# Tapping Out Single Bevel Knives



## YG420 (Feb 15, 2021)

The edge on the ura side towards the tip of my Nigara sakimaru wasnt touching the stones, so a burr would just form on the ura side and the edge would just be a crumbly mess. I then manned up and tried tapping it out like they do on kanna planes and it worked really well and the knife tip didnt break off lol. I was hesitating at first because kanna planes seem to have much more soft iron than single bev knives. I wish I wouldve tried this method on my kato yanagiba that was all bent and twisted all over the place but oh well. Anways just wondering if anyone has done this before on knives?


----------



## M1k3 (Feb 16, 2021)

I've done it once. Luckily it was bent the same way as yours. Not sure how I'd accomplish it if was bent the other direction.


----------



## YG420 (Feb 16, 2021)

M1k3 said:


> I've done it once. Luckily it was bent the same way as yours. Not sure how I'd accomplish it if was bent the other direction.


Was it a yanagiba?


----------



## M1k3 (Feb 16, 2021)

YG420 said:


> Was it a yanagiba?


Yes.
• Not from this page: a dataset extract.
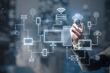 Cloud computing technologies concept with man hand using stilus on virtual touch screen with digital electronic devices connected between each other on blurred abstract background
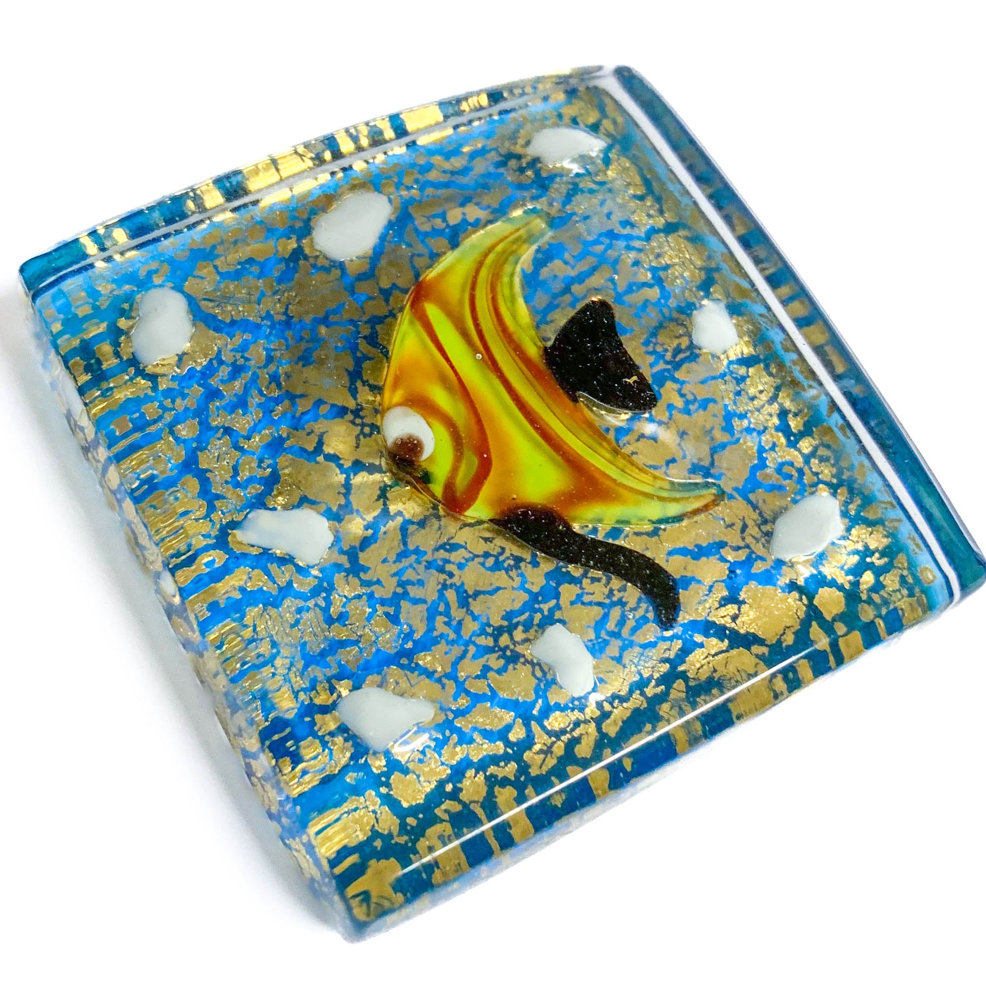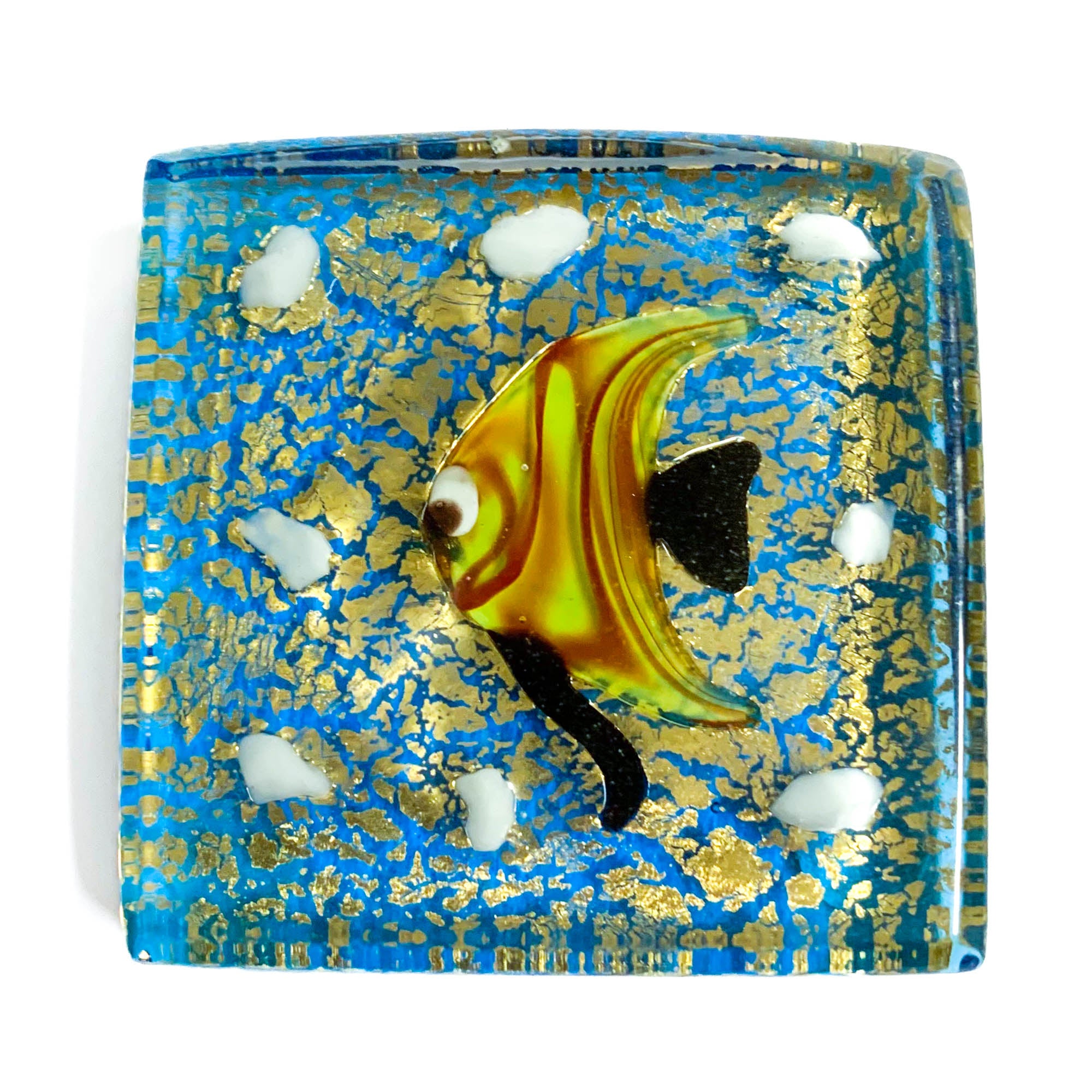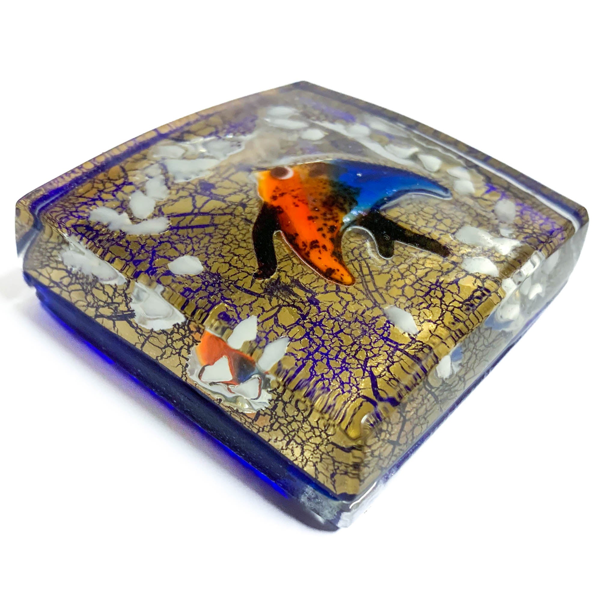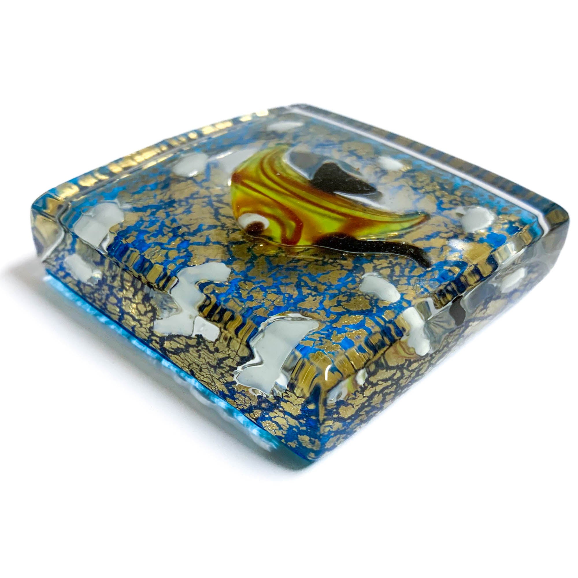 This is an elegant paperweight featured by the figure of a fish realized according to the ancient "lume" technique and fused between two glass layers. The glass includes typical venetian murrine and gold leafs

The tip was curved up when placed on the Ura.


----------



## RDalman (Feb 17, 2021)

Awesome to see more try straighten their laminated knives! I just want to add a detail to this subject. If we exclude possible existence of absolute perfection regarding a truly level, dead flat, ura side: *this is the kind of bend you might want to have *on your single bevel, but ofc, very close to straight ideally. Bend in the opposite way will mean you cant sharpen spots on the ura side and if you try you will alter your knives profile quickly. So a light light lift on the tip section in sharpening would be ok to do I would say.


----------